Now I have noticed that Martin already prepared update to version 1.0 in the devel project and it is on its way to Factory and eventually to Tumbleweed: https://build.opensuse.org/package/show/science/pocl Mircea, can you try to install it and test?
(In reply to Michal Srb from comment #8) What does testing imply? This is my desktop computer, thus I can't risk playing with the software repositories in a way that might mess anything up. However I run openSUSE Tumbleweed: Once the changes are in, I can safely remove the Taboo (Never Install) lock from the package and see how the system behaves after a new 'zypper dup'.
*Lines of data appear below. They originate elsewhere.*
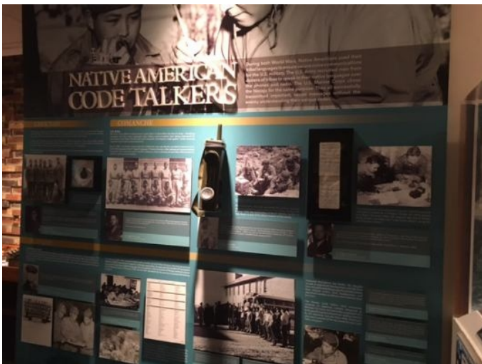
The National Cryptologic Museum was a July Day Trip.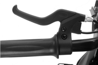
REAR BRAKE LEVER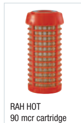
RAH HOT 90 mcr cartridge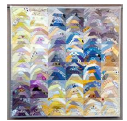
Please note that this quilt is not necessarily the subject of Ursula's workshop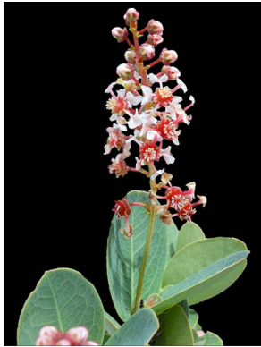
122 Byrsonima triopterifolia

(In reply to Mircea Kitsune from comment #9) > What does testing imply? This is my desktop computer, thus I can't risk > playing with the software repositories in a way that might mess anything up. If you do not want to mess with repositories, it is enough if you download and install this single RPM: https://download.opensuse.org/repositories/science/openSUSE_Tumbleweed/x86_64/pocl-1.0-36.9.x86_64.rpm All its dependencies are in Tumbleweed repository and most likely you already have them installed. Try to start blender, observe if it crashes or works. You can again uninstall the pocl package after that.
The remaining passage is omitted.